With this the party broke up. We all went out on the terrace. My six neighbors mounted and cantered off on their various roads home; Tanno, Hirnio and I went in and to bed.
CHAPTER V
ENCOUNTERS
Next morning I was wakened by a dash of cold water over me and sat up in bed dripping and angry. Tanno was bending over me.
"I had to souse you," he explained. "I've been shaking you and yelling at you and you stayed as fast asleep as before I touched you. Get up and let's start for Rome."
We enjoyed a brief rubdown and after Entedius joined us each relished a small cup of mulled wine and one of Ofatulena's delicious little hot, crisp rolls.
In the east courtyard we found our equipages and I descried my tenants outside the gate, all horsed and each muffled in a close rain-cloak, topped off by a big umbrella hat, its wide brim dripping all round its edge, for the weather was atrocious; foggy mist blanketing all the world under a gray sky from which descended a thin, chilly drizzle.
Hirnio was inspecting Tanno's litter and chatting with Tanno about it.

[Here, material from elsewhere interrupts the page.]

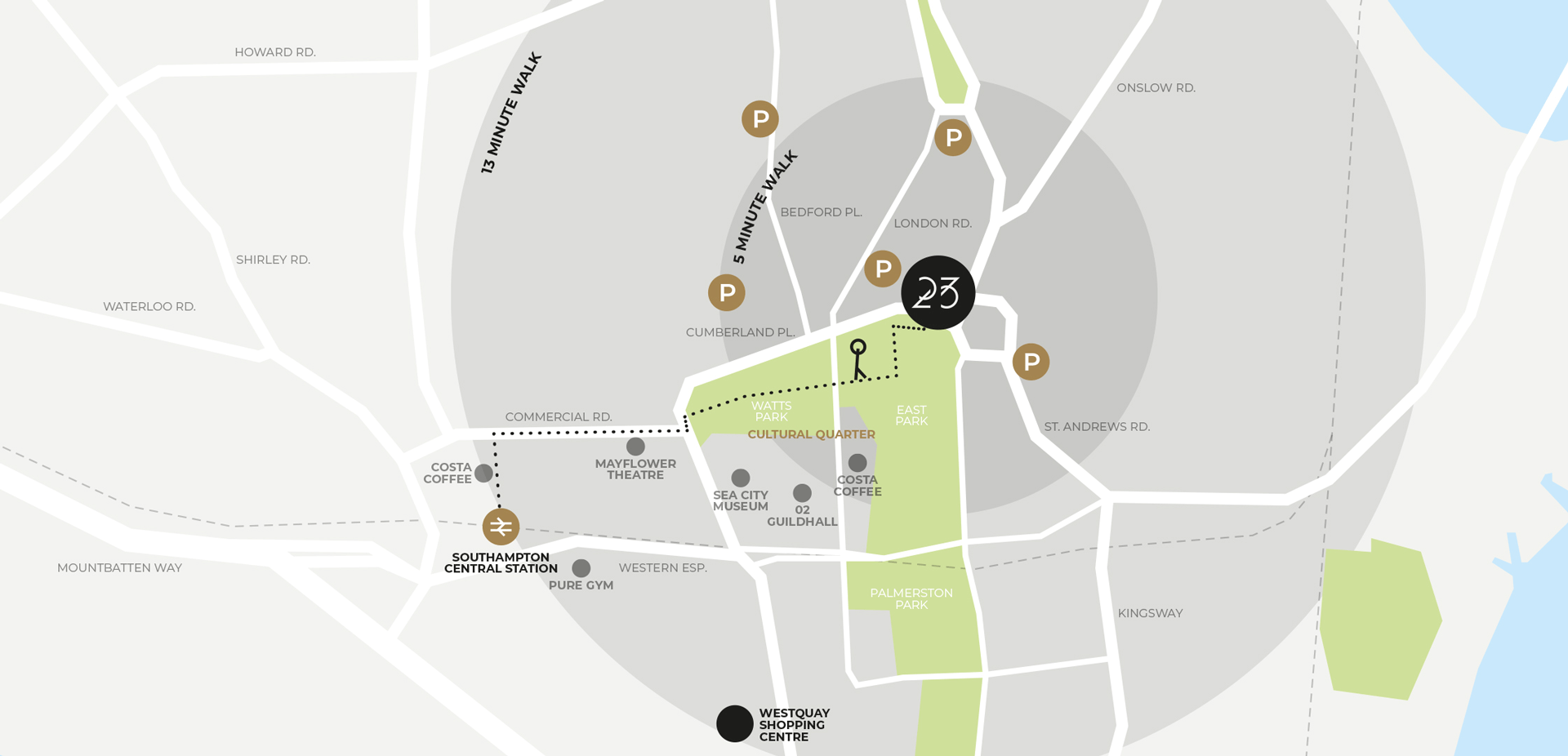 By car, Twenty3 connects directly to the A33, the main arterial route north from the city, where it connects directly to the M3 at junction 4. Heading South through the city the inner ring road links to the M27 providing easy access to the South East and South West respectively.

"Never saw one with poles like this," he said. "All I have seen had one long pole on each side, a continuous bar of wood from end to end. What's the idea of four poles, half poles you might call them, two on a side?"
"You see," Tanno explained, "It is far harder to get sound, flawless, perfect poles full length. Then, too, full-length spare poles are very bothersome and inconvenient to carry. With a litter equipped in this fashion one man can carry a spare pole, and they are much easier and quicker to put in if a pole snaps."